Shawn Brandt is a Mohawk militant on the Tyendinaga reservation is
Southern Ontario, Canada and a leader of the Fundamental Indian Rights
Movement (FIRM) which has 10,000 members in Canada and 200 "hard-core
revolutionaries". He became an activist in 1989 after burying baby
twins who died of poverty when they and their mother shared a 14 by 12
foot trailer.
Initially blaming all white people, Shawn has concluded that to change
things, it's necessary to act collectively to completely replace the
whole economic system of capitalism.
Shawn Spoke to Rob Rooke:
"Conditions on the reservation are horrific. All our water is contaminated. The government dumped 11,000 tons of PHA, a carcinogen in our reservation. For the last two years I can't remember one death of old age or natural causes, it's all cancer.
The most prominent result of such conditions is the youth suicide rate. Canada has the second highest suicide rate in the world. The rate among Indian youth is almost ten times higher, it's symptomatic of the despair and poverty.
Much of the feeling of hopelessness is brought about by the Indian Act of 1924, which was imposed at gun point; our traditional chiefs were executed that year. The law allowed them to erode our land, limit our rights, control our movement and control our political representation. Up until the 1970s we had to get permission from the Indian Agent, a white guy, before we could leave the reservation. It wasn't until 1968 that we could even vote in the provincial elections.
The Indian Act slowed our ability to fight back. But people have fought back and have been arrested, beaten, jailed, their families separated. A lot of our activists have been murdered over the years. Between 1974 and 1976, 59 key members of the American Indian Movement (AIM) were assassinated. Indians remember all the brutality.
The Indian Act also tended to control spiritual gatherings and ceremonies as well as meetings. Three or more Indians cannot gather without risking unlawful assembly charges. If you have a rally, you'll be charged. I got 45 days for this offense. We have three charges of unlawful assembly still standing. It's an effective dictatorship. The South African Apartheid regime and the township system was modeled on the reservation system. The so-called Elders, we call them sell-outs, do nothing about the suicides even though their children and grandchildren are dying.
Our Tribal Councils have one job: To enforce the Indian Act. The police are only accountable to the band council, they're hired and fired by these people. The band councils are hated. 90% of the people suffer and 10% of the people profit from the Indian Act.
Through the bureaucracy of the Department of Indian Affairs and the band councils only four cents of every dollar that comes down actually reaches the community. It creates the illusion that a tremendous amount of money is going to the Indians when it's really going to the bureaucracy.

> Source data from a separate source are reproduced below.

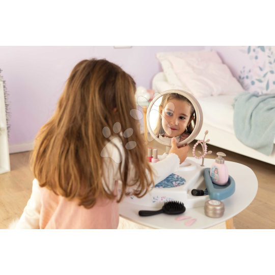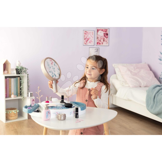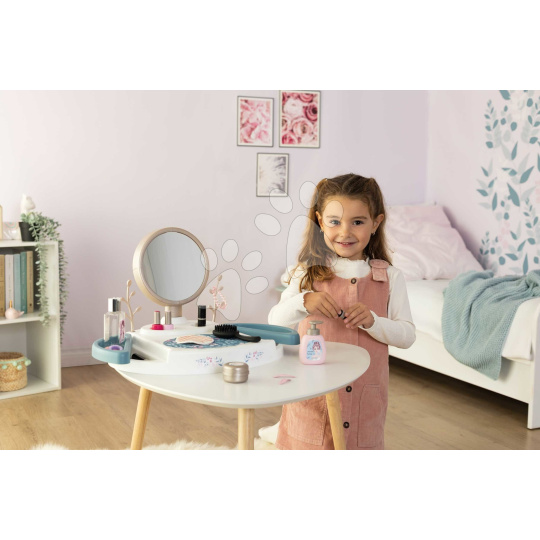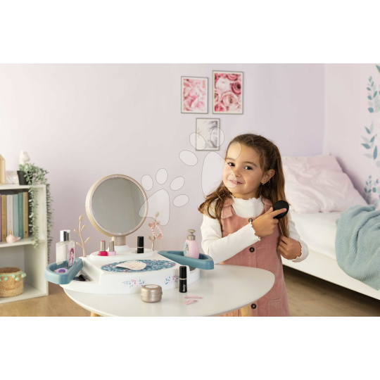 Stolek je vybaven dostatkem úložného prostoru, doplňky lze odkládat do otevíratelných přihrádek po stranách stolku a vedle zrcadla jsou stromečky, na které si holčičky zavěsí své oblíbené šperky. Kosmetický stolek se vyznačuje prvotřídní kvalitou, je vyroben z pevných plastů s jemným povrchem. Holčičky si budou moci v zrcadle dosyta poohlížet svůj odraz, starat se o vlásky a s kamarádkami si zahrají hru na povolání kosmetiček, čímž se přibližují světu dospělých a rozvíjejí si komunikační schopnosti. Také si zlepšují jemnou motoriku a získávají cit pro estetiku. Rozměry stolku jsou 40*31*29 cm.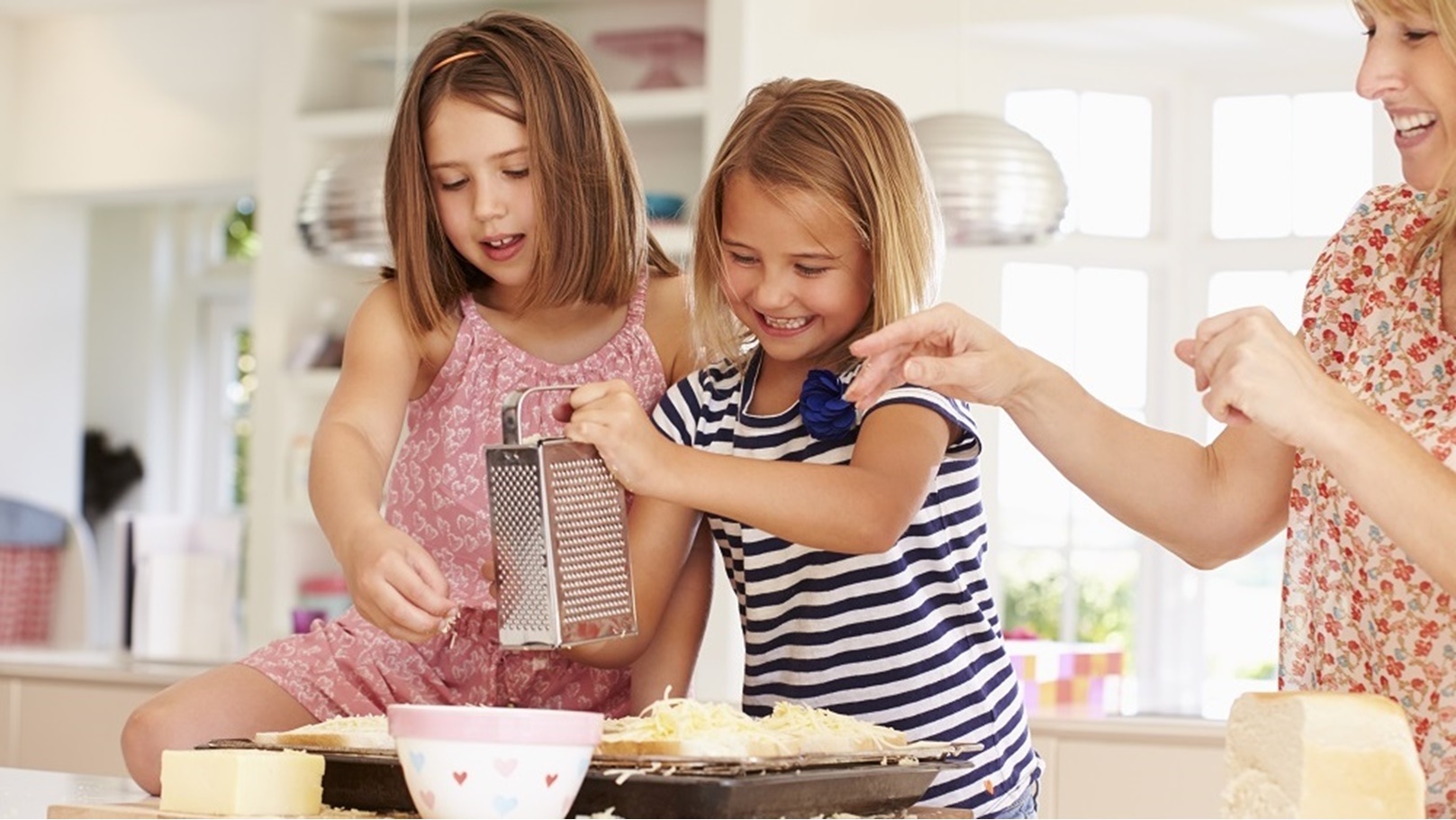 girls-with-mother-making-cheese-on-toast-2021-08-26-16-12-46-utc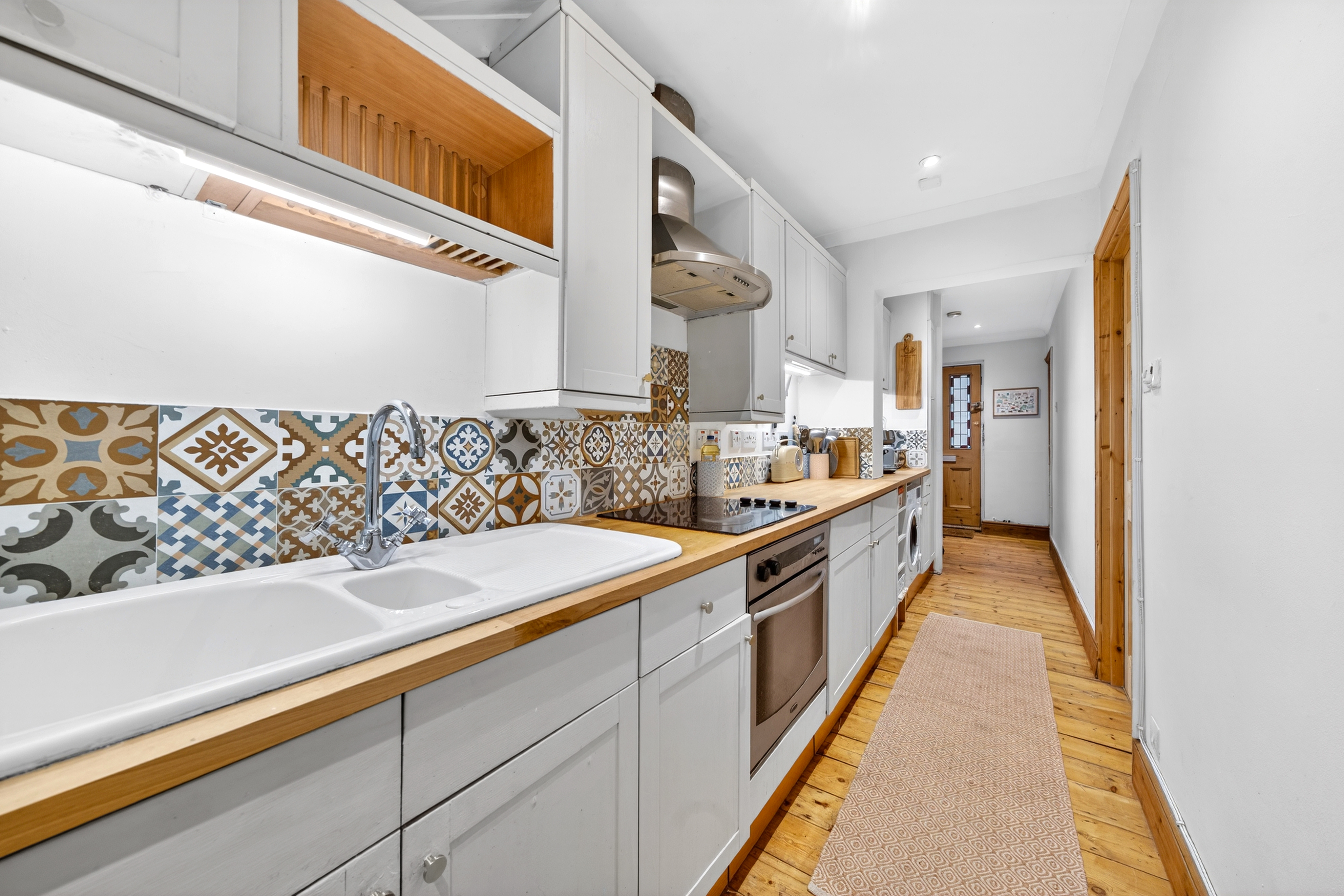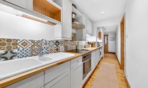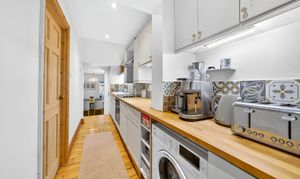 A kitchen with integrated appliances and wooden countertops provides a delightful space for cooking, while the contemporary bathroom offers a shower over the freestanding bath, and stylish mirroring and tilework. The main bedroom is a good size with built-in wardrobes, and there is in addition an office which the current owners have also used as a guest room.

Indians make up only 4% of Canada's population, we can't defeat the state on our own. We are key proponents of the movement for solidarity. We fight the court system's bureaucracy every day. We had two riots in the Bellville courthouse. But we stand with the unionized courthouse workers and walked with them on their picket lines. The key is solidarity.
There has to be defined leadership who'll take action. Like the Ontario Coalition Against Poverty in Toronto. Without a willingness to take a billyclub in the head or put yourself in jail, you can't build people's confidence. The Mohawk Nation is upping the ante-that's the key.
VICTORY FROM UNITY
We'll get there together. Our first goal is to smash the Indian Act leadership and institute the people's control of the reservation. Second is to bring down the conservative provincial government. We're working with organizations of our own people and our allies, for local reservation control, state control, and ultimately, country control. We're North American Indians, we're not Canadian Indians. We can't confine ourselves to their borders. The trend here by the government is to smash the people.
We don't want anyone feeling sorry for us. We no longer perpetuate an argument of white man's guilt. If people want to help Indian people then they have to stand up for themselves and fight. Then they will be helping us.
Some kids on the reservation are killing themselves as young as ten years of age. On our reservation of 2500 people we haven't had a goddamn suicide in four and a half years. If you fight and defend yourself, it gives your kids a sense of the future. The only thing that we can give the youth is the knowledge that we're gonna fight. And we will win."